Relationship between TblMain and TblSame

Sample records from each table are shown below.

Each table contains a measure.
Each table contains at least one record unmatched with the related table. 

TblMain has a granularity of Region – Branch – Employee.
 

Data Sample in TblMain

 TblHigher’s granularity is at Region level. One note, Constant field is not used in this post.


Data Sample in TblHigher 

TblSame take the same granularity as TblMain.

Data Sample in TblSame 

TblLower goes down to Product Category level compared with TblMain. It has a granularity of Region – Branch – Employee – Product Category. 

Data Sample in TblLower

 

Scenario : TblMain – TblHigher

First, we take a look at a classical case, calculating the ratio of (Sum of Sales / Sum of Goal) per region, which is previously solved by LOD expression or data blending. The LoD of the view is defined by Region which we get from TblHigher. Goal measure comes from the same table as Region dimension. Sales measure is taken from more granular table TblMain (Region – Branch – Employee).

Sum of Sales per region is correctly computed. So is Sum of Goal, as the following viz indicates. 

Then we add Sum of Sales / Sum of Goal to Marks, as a result, we get the exact ratio as expected. It is quite straightforward. And more, this data source can be published as one to Tableau server. 

Here is the summary data used in the view. 

Let’s do one more test, adding Branch from TblMain to the view. View’s LoD goes down to Region – Branch. This causes that Goal is duplicated as many as number of branches in a region, as illustrated in the screenshot below.

 

Scenario : TblMain – TblSame

When the tables have the same granularity, any LoD of view won’t produce duplicate data. For example, we would like to discover whether there is any correlation between Sales and Discount.

We bring Employee ID into the view. So, the view shares the same LoD with the data source which is made of TblMain and TblSame in this case.

Let’s try to roll the LoD up to Region. It works perfectly without any surprise. 

Since TblMain contains a record not matched in TblSame, and vice versa. It is a good example for us to explore more about how this is handled.

We drag and drop a dimension and a measure from TblMain to the view. This simply queries data from only TblMain, as we can see, there are no null values in the view. 

 Then, we add a measure from TblSame into the view, let’s see what will change.

Drag and drop Discount on Detail box in Marks. Obviously, a null value is included in the view. The underlying data also says so.

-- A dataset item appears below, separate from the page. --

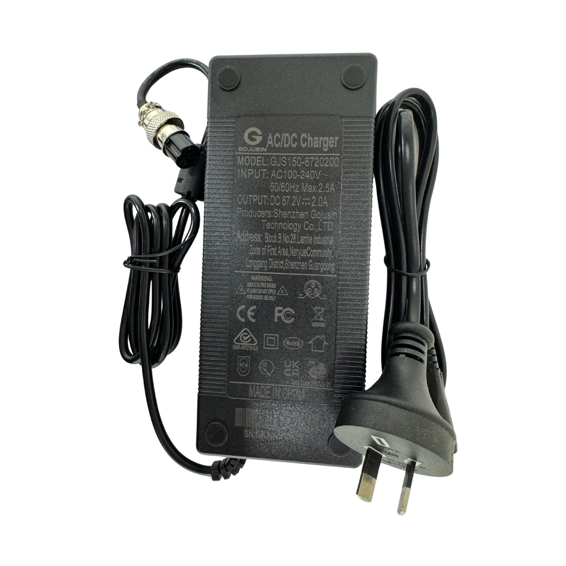 Keep your rides powered with our 60V (67.2V Max) 2A E-Scooter Charger (3-Pin) – the perfect replacement or spare charger for most 60V electric scooters. Built with high-quality components and certified to meet Australian safety standards, this charger delivers consistent, efficient, and safe charging every time.

 If we add a dimension instead of a measure from TblSame to the view, will this make a difference? Yes, we won’t see a null value popping up on the view.

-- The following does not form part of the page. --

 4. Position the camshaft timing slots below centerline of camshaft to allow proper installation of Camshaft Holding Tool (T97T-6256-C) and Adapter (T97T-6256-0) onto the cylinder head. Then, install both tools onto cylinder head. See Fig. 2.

XnoneA is not findable in TblSame, so its Name(TblSame) is null; however, this won’t affect how the view presents.

For null values, we can use measure filter to filter them out.


Scenario : TblMain – TblLower

The pair works as similarly as TblMain – TblHigher does. When the LoD of view is kept not lower than TblMain’s, everything works well. Of course, null values show up in the view. But this is expected since we have measures from both tables in the view. 

LoD of View: Region


LoD of View: Region- Branch - Employee

What if we bring Product Category dimension to the view? LoD of view is less than that of TblMain. This leads to duplicated Sales (from TblMain), as the screenshot shows.

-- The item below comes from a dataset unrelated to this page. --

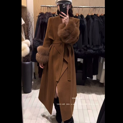 韩版时尚长款大翻领双面羊毛大衣548元淘宝598元

LoD of View: Region – Branch – Employee – Product Category


Scenario : TblMain – TblHigher – TblLower

This is multiple tables related scenario. In effect, we can imagine how they work based on the results of the above scenarios. So, we would like to test some cross-table calculations including LoD expressions here.

First, we look at the numbers at regional level, and we use text table for illustration this time. The measures are listed up as follows.

Goal from TblHigher (LoD: Region)
Sales from TblMain (LoD: Region – Branch – Employee)
Sales (TblLower) from TblLower (LoD: Region – Branch – Employee – Product Category) 

And, we also include a cross-table calculation into the view.

CompleteRatio = SUM([Sales]) / SUM([Goal]) 

The text table gives us the result exactly as expected. 

Subsequently, we start to add more dimensions to the view, in other words, lowering LoD. Let’s see what is going to happen. 

We add Branch (TblLower) to Rows shelf, as a subsequence, Goal is duplicated as Totals in chart tell because Goal comes from TblHigher.

Now, we create a new LoD calculation named by RegionalGoal and add it to the text table.

RegionalGoal = {FIXED [Region]:SUM([Goal])} / {FIXED [Region]:COUNT([Branch])} 

Total of column shows it removes the duplicates.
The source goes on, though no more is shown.